Crespo's mother knew little English when she came to New Jersey at age 20. She became a certified nursing assistant and often depended on relatives to help watch Crespo and her older brother and younger sister. Crespo learned English in Camden's schools.

When Crespo was in eighth grade, she attended a high school fair and met students from Brimm, one of the city's two magnet high schools. They told her about the science experiments they worked on, and the projects they had entered into fairs. Brimm also boasts a high college acceptance rate for its students.

At Brimm, Crespo loved working on science projects, but not for the science.

"At fairs, people would come up to me and ask me about it - and I would have to sell it to them," she said. "Until that point, it was rare for me to have a platform where people would listen to what I had to say. It was like making an argument."

After high school, Crespo attended Georgian Court University in Ocean County. Though she felt Brimm had challenged her and prepared her academically, Crespo said, she often felt lonely in college, where many of her private-school-educated classmates assumed she was "tough" because she was from Camden.

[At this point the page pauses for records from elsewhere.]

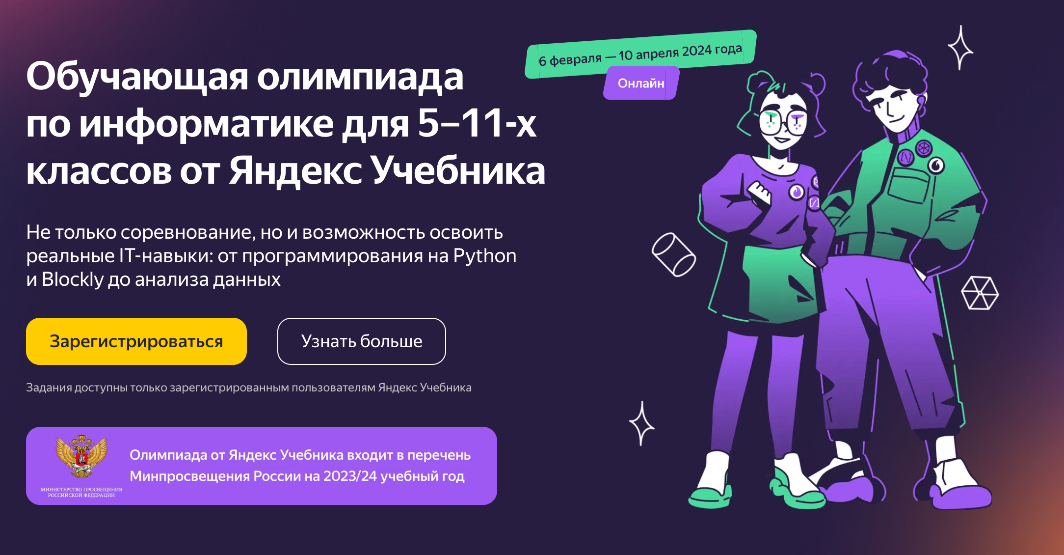 Олимпиада Яндекс Учебника по информатике включена в список рекомендуемых Минпросвещения России.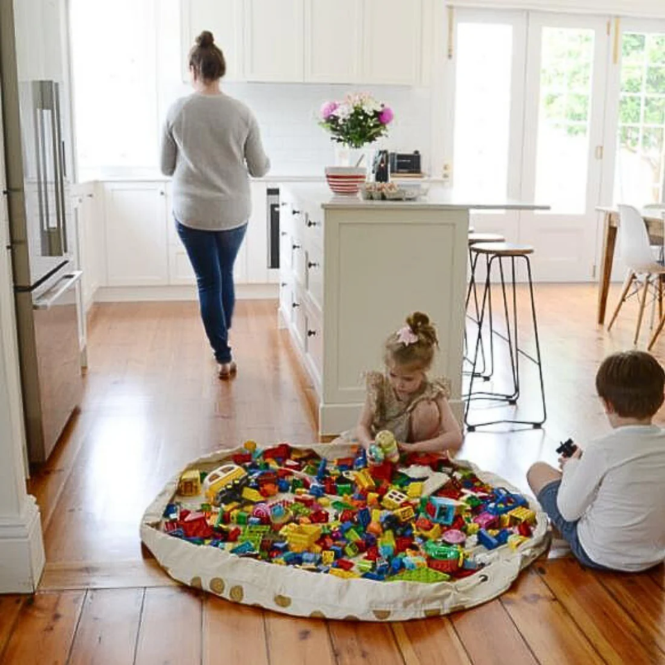 Spread the Play Pouch out for play and all the bits and pieces stay together. When it is time to pack away, just pull on the rope and in a jiffy you've gathered everything neatly into the Play Pouch.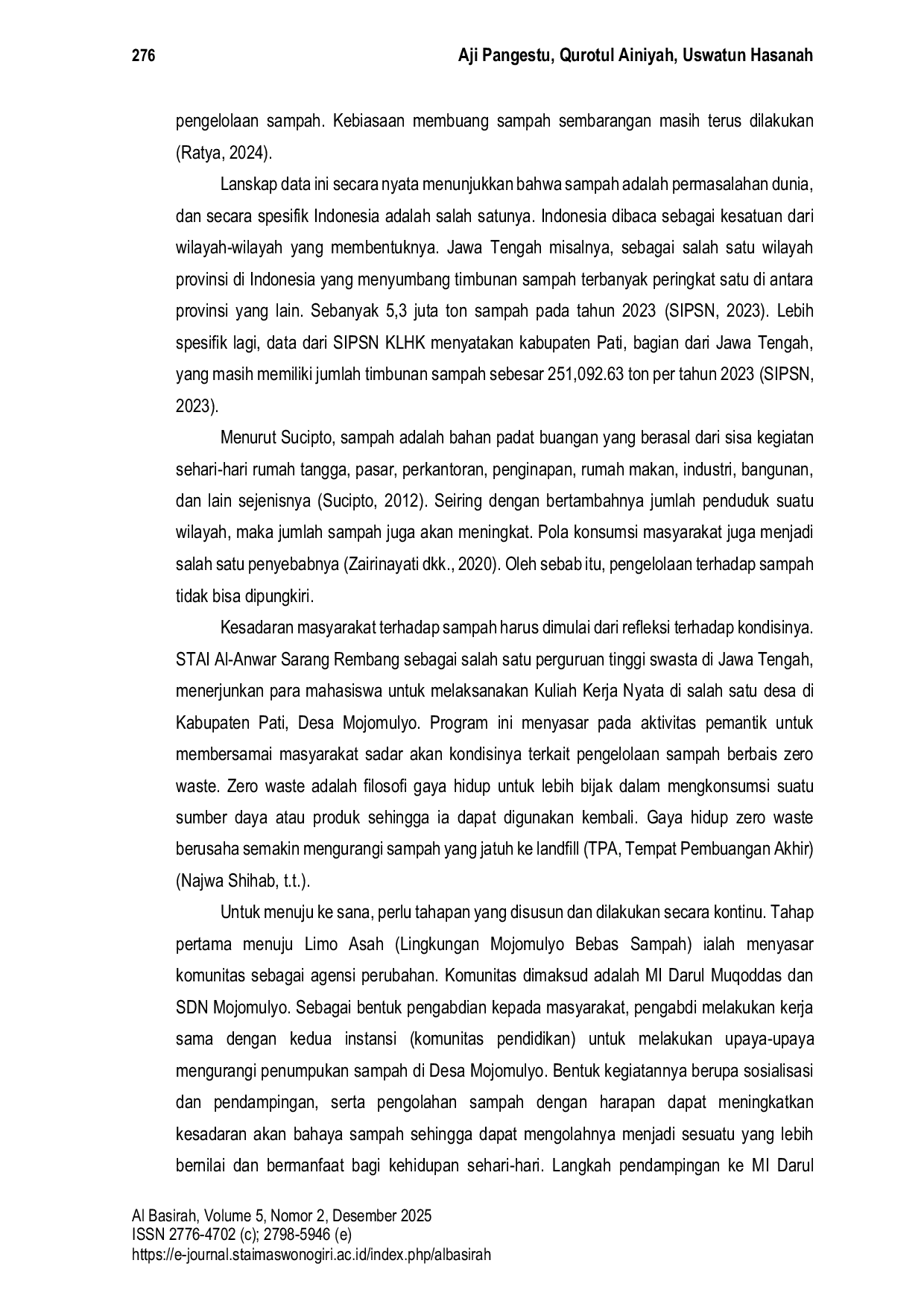 Jurnal Al BasirahJurnal Al BasirahProduksi sampah menjadi isu sentral karena dampaknya yang multidimensi menyebabkan krisis iklim dan lingkungan, penyebaran penyakit, juga banjir. Terutama pada kategori “sampah tak terkelola yang menjadi timbunan baik dari skala daerah maupun nasional. Oleh karena itu, inisiasi gerakan (movement) serta pengabdian ini secara spesifik bertujuan untuk melakukan pendampingan di Desa Mojomulyo menuju Lingkungan Mojomulyo Bebas Sampah (Limo Asah) sebagai pijakan awal pemulihan masalah sampah global. Pendekatan yang digunakan adalah Asset Based Community Development (ABCD) dengan lima tahapan: Discovery, Dream, Design, Define, dan Destiny. Hasil pengabdian adalah menginisiasi “Edu-waste Movement yang direpresentasikan dalam tiga program: (1) Penyuluhan Lingkungan Bersih bersama Dinas Lingkungan Hidup (DLH) Kabupaten Pati, (2) Pendampingan serta Penerapan Penggunaan Food Container dan Tumbler di Madrasah Ibtidaiah (MI) Darul Muqoddas, dan (3) Olah guna barang di Sekolah Dasar Negeri (SDN) Mojomulyo. Ketiganya berbasis pada komunitas pendidikan sebagai bentuk Edu-waste menuju Limo Asah.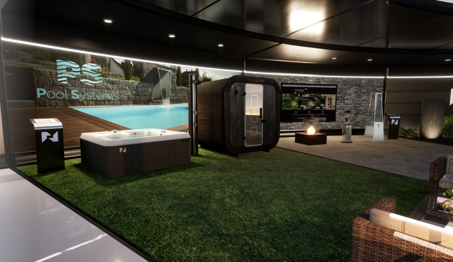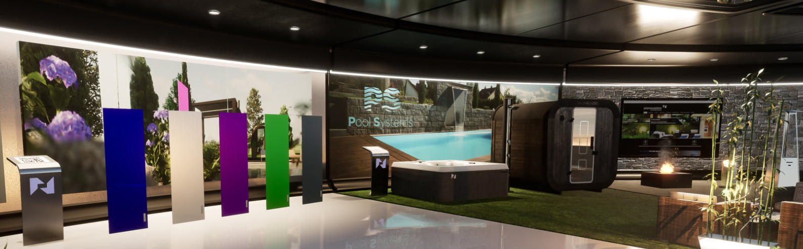 In unserem Showroom präsentieren wir Ihnen die Neuheiten.wir Präsentieren Ihnen in unserem virtuellen Showroom stets Neuheiten und Innovationen rund um die Gestaltungsmöglichkeiten für Ihren Garten. Von Designelementen über Beleuchtung bis zur Wellnessoase mit Sauna und Whirlpool - lassen Sie sich inspirieren.Auch kleine Helfer wie Rasenmäher Roboter, Heizstrahler und Grillplatz dürfen nicht fehlen. Die von Ihnen gewählten Elemente werden direkt in Ihre Planung integriert.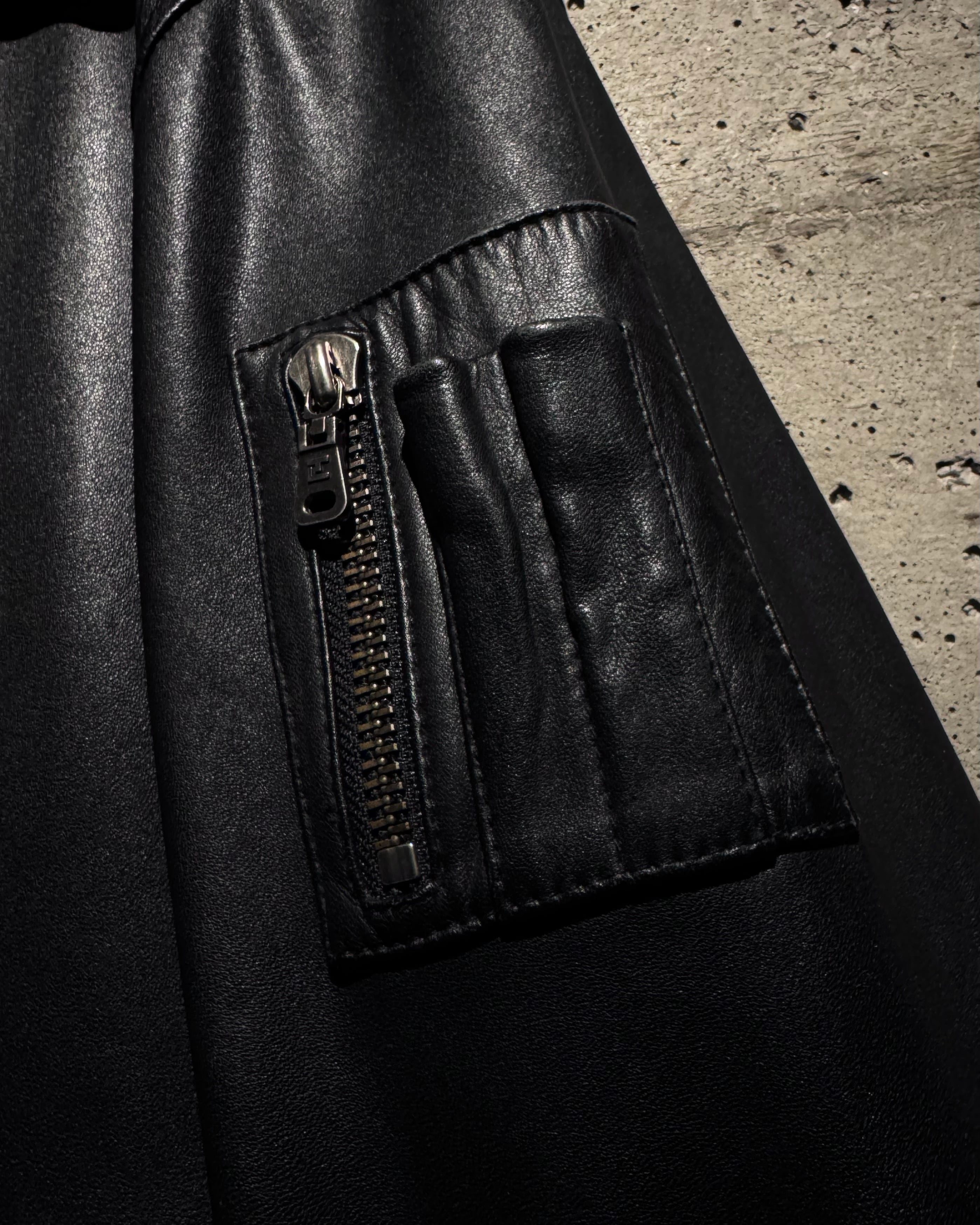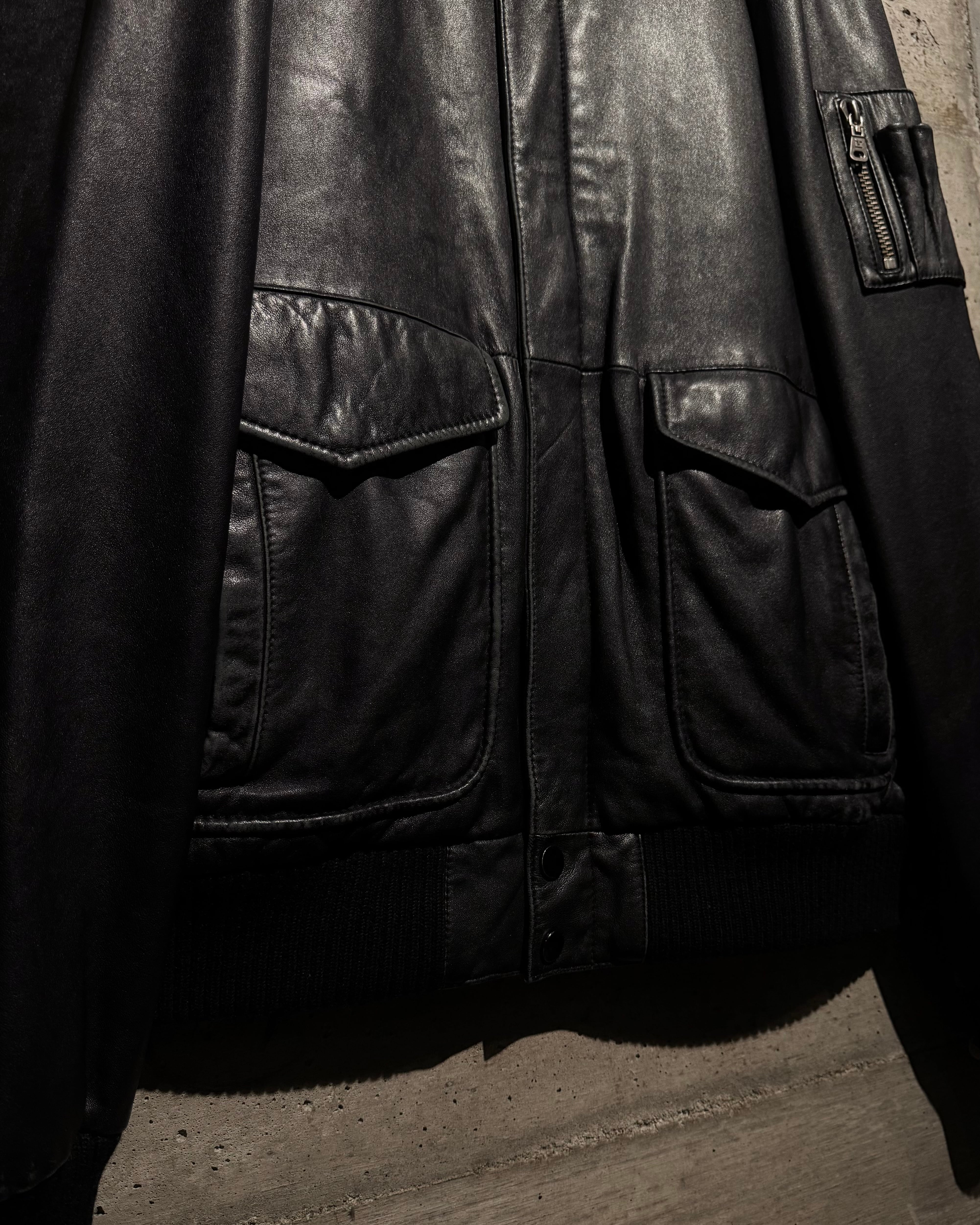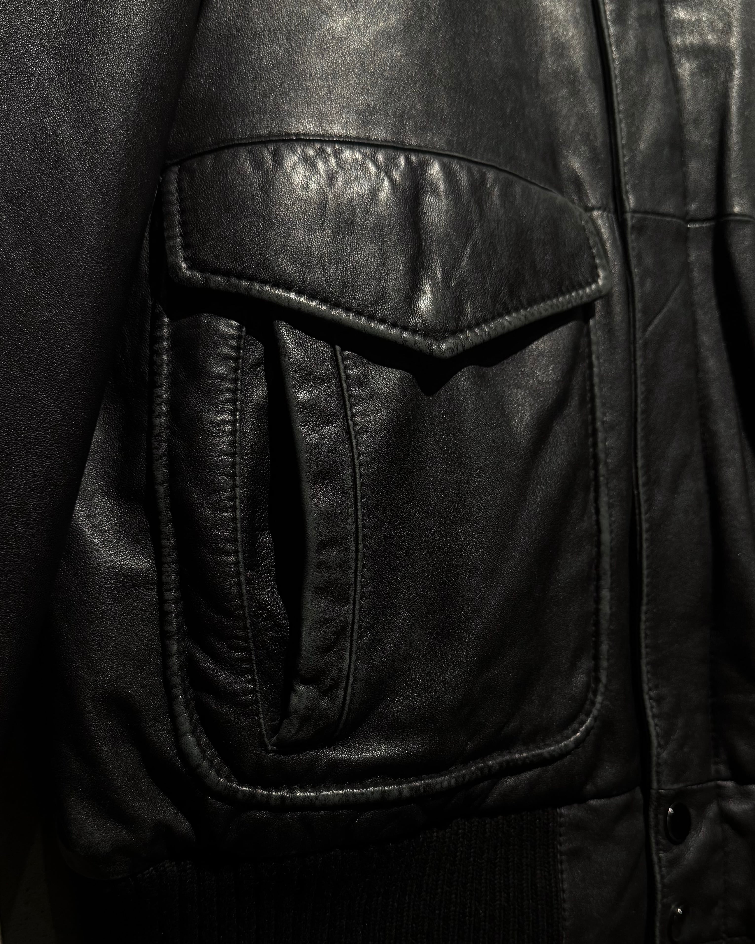 フライトジャケットのディテールを踏襲した、ラムナッパレザージャケットの1着。

"I was shocked at people's perceptions of me," Crespo said. "People would say to me all the time, 'Did you ever see somebody get shot?' Or they'd ask me questions about drugs, as if I would know."

She also felt the economic differences between her and many of her classmates, who often enjoyed lavish vacations while she worked through holiday breaks. She noticed that some seemed to coast through classes, confident that they'd have job leads lined up for them through parental connections.

But Crespo had professors who took an interest in her, and encouraged her not to give up, she said. Over the years, she learned to embrace her background.

"I realized it didn't make me less," she said. "It made me more."

After graduation, Crespo clerked for a Gloucester County judge before joining South Jersey Legal Services last year. Doing outreach among potential clients, she sometimes walks into a trailer on a farm shared by nine men. Often, she said, the workers she meets are just grateful to have someone who can speak to them in Spanish.

"What I think about most is that no matter how hard they work, most of them will always be agricultural laborers," she said. "That doesn't have to be true for us in the United States. And I think that so many of us take that for granted."